Whether in Kentucky or Southeast Asia, CBF is not just about projects; it’s about presence—a sentiment with which Tinsley clearly agrees. “Ms. Scarlette and Mr. Elmer is going to be friends for life. It’s a partnership for life, because every time I get a chance, I don’t forget where your blessings come from,” he said. “It’s through them that I’ll never forget. I know we can’t repay them, but I don’t think they expect us to. I think it’s just being thankful, and it’s through God’s blessings.”
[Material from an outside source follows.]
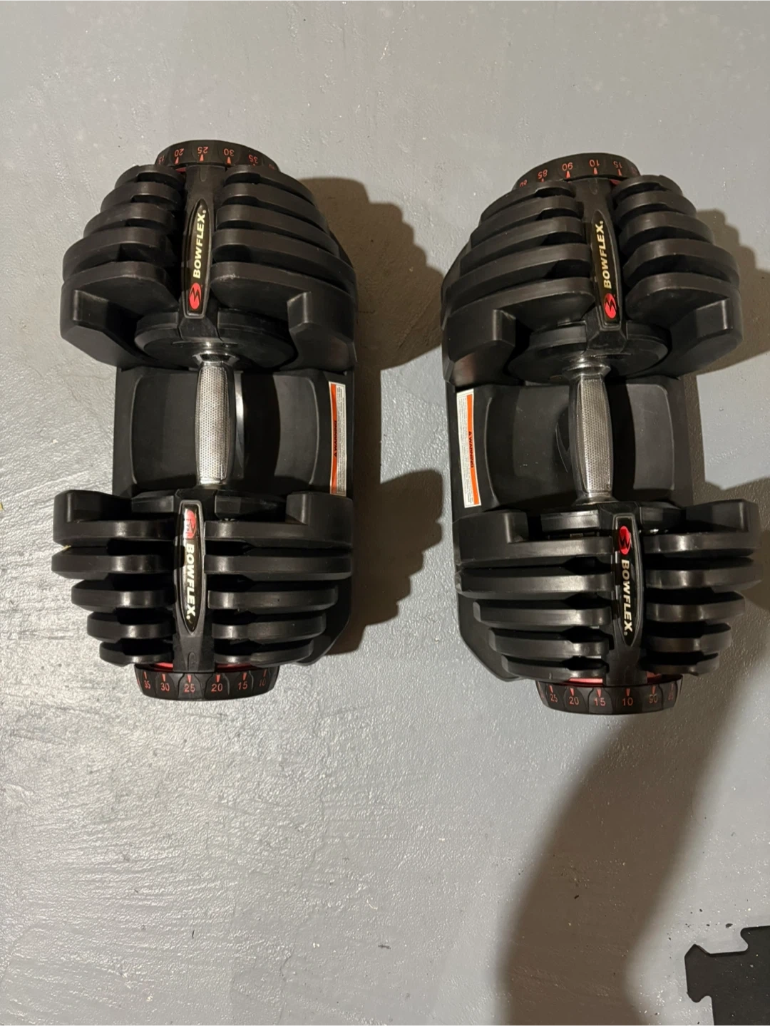 Selling a pair of Bowflex SelectTech adjustable dumbbells. These are great for saving space and getting a full workout at home. Adjust the weight from 10 to 90lbs with the turn of a dial (increment of 5 pounds). They're in good condition and ready for a new home!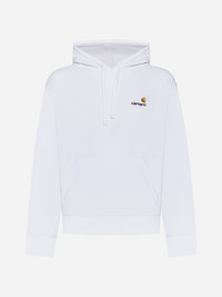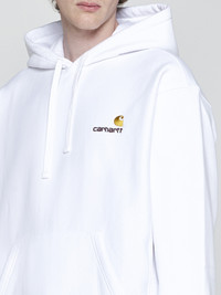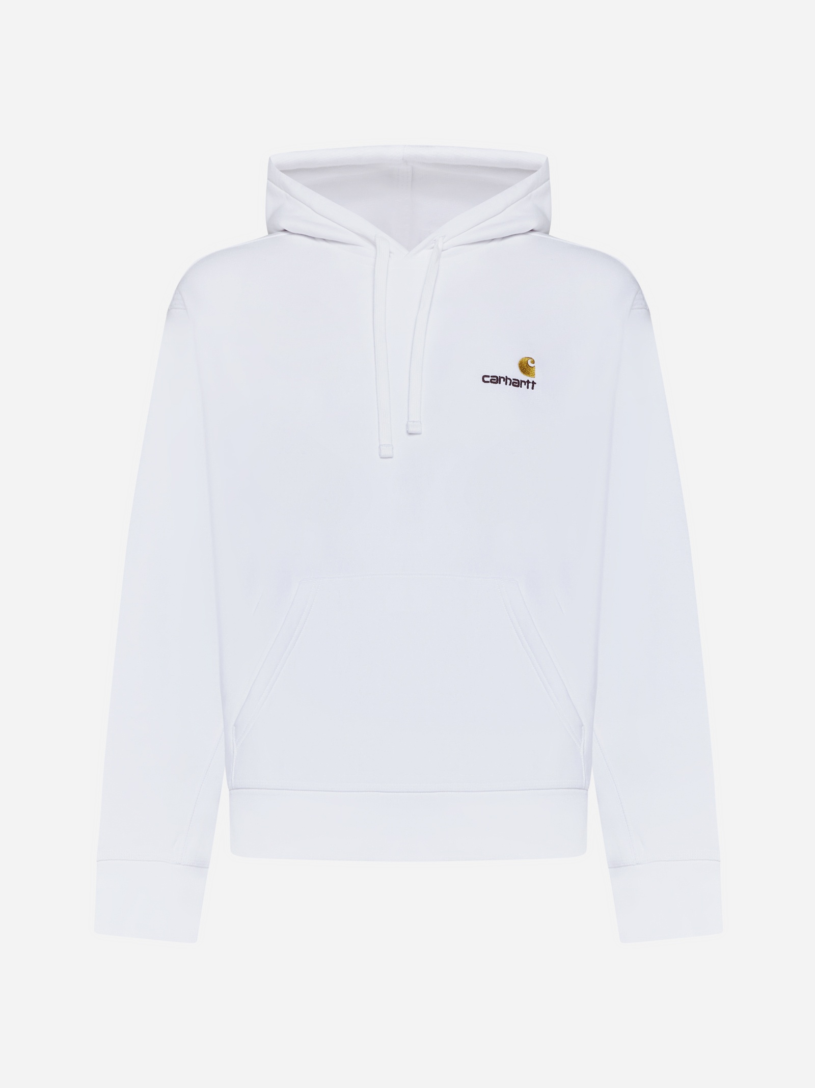 Carhartt WIP’s white cotton blend hoodie featuring a hood with adjustable drawstring, embroidered logo on the chest, kangaroo pocket and ribbed edges. Color: White Size and fit: Model is 184 cm tall and wearing a size M Composition: 80% cotton 20% polyester Country of manifacture: Extra EU ID designer: I028279-02XX

Other problems persist—the church’s lack of financial resources, for one, a symptom of both the surrounding area’s poverty and of the country’s deeply entrenched systemic racism. Yet, St. Paul practices its ministry, quite literally, from a more solid foundation. And on that foundation, Mr. and Mrs. Tinsley, who have no children together, can count as their own the children of Barbourville. And, if the veritable traffic jam of bicycles that clusters at St. Paul’s door every week is evidence of anything, it’s that this love is reaching the right places. “It’s just those innocent kids and we just try to do everything we can to help them. And like I say, it’s unreal. You have to just almost see it. I can’t describe it sometimes, the love that we have for our young people.”
That which can’t be described—yet another feature of magic.